CCTα exhibits cytoplasmic-nuclear shuttling, and 14-3-3 proteins regulate cellular trafficking. The 14-3-3ζ isoform is detected in high levels in lung epithelia (9). Thus, we first tested whether 14-3-3ζ might colocalize with CCTα in MLE cells in response to extracellular Ca2+ using fluorescent microscopy. Under control conditions, CCTα and 14-3-3ζ were both detected within the cytoplasm (Fig. 1A, B). Although the kinetics for nuclear entry differed somewhat between CCTα and 14-3-3ζ, incubation with extracellular Ca2+ led to nuclear translocation of both proteins in a time-dependent manner (Fig. 1A, B). A merged view of two fluorescent images at 10 and 60 min reveals colocalization of CCTα with 14-3-3ζ in the cytoplasm and nucleus. The Ca2+ ionophore, A23187, also increased nuclear expression of the proteins in Fig. 1B, where we used the nuclear marker, DAPI (Fig. 1A). As a specificity control, Ca2+ exposure did not trigger nuclear translocation of LPCAT, a related protein involved in phospholipid metabolism (Fig. 1C, D). Thus, the data support physical transport of CCTα to the nuclear compartment after Ca2+ stimulation.

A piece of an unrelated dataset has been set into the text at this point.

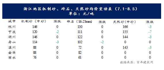 溫州:7月20號主流品牌機制砂價格下跌5元/噸,8月3號天然砂價格再次下跌3元/噸。
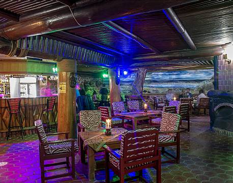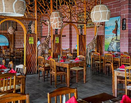 Man spiser godt på Lake Nakuru Lodge, og der er en fin udsigt fra restaurantområdet ned over parken. Udover restaurant og bar er der også en swimmingpool på lodgen.

To investigate whether the cytoplasmic-nuclear shift of CCTα by Ca2+ was physiologically relevant, we assayed CCTα activity and PtdCho synthesis. Ca2+ did not alter total cellular CCTα activity (data not shown). There was a significant reduction in cytosolic CCTα activity coordinate with increases in nuclear and membrane-associated activity by 10 min in cells exposed to Ca2+ vs. control (Fig. 1E). PtdCho synthesis in total cell lysates was also not altered by Ca2+ (data not shown). However, PtdCho synthesis within cytoplasm was reduced at 10 min after Ca2+ exposure, concomitant with increased PtdCho synthesis within membrane and nuclear fractions (Fig. 1F). Immunoreactive CCTα also shifted in response to Ca2+ within subcellular fractions that were analyzed using appropriate markers (Fig. 1G). Overall, these data suggest that CCTα and 14-3-3ζ both relocate to the nucleus after a Ca2+ stress coordinate with a shift in enzyme function, perhaps as a means to preserve the enzyme’s critical role in maintaining phospholipid synthesis within the nuclear compartment (2).

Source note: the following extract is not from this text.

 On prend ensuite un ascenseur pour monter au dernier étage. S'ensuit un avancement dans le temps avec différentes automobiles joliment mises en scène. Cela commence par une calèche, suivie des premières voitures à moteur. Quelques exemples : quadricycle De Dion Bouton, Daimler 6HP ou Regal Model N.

Ca2+-induced interaction of CCTα and 14-3-3ζ
We used FRET analysis to more directly evaluate CCTα and 14-3-3ζ interaction (Fig. 2). In FRET, the interaction between two distinct molecules can be determined by labeling each with different fluorophores (the donor and the acceptor); interaction between these fluorophores results in energy transfer from the excited donor to the acceptor. This method is sensitive for determination of protein-protein interaction within the nanometer range (25). Cells were cotransfected with YFP-14-3-3 with either CFP (negative control) or CFP-CCTα. The panels show CFP, YFP, FRET, and the FRET:CFP ratio (pseudocolor); the latter represents intensity of the FRET signal. In cells coexpressing CFP and YFP-14-3-3, no FRET signal was detected (Fig. 2, top panel; FRET). In cells coexpressing CFP-CCTα and YFP-14-3-3, an intense FRET signal was detected, indicating protein interaction between CCTα and 14-3-3 (Fig. 2, bottom panel).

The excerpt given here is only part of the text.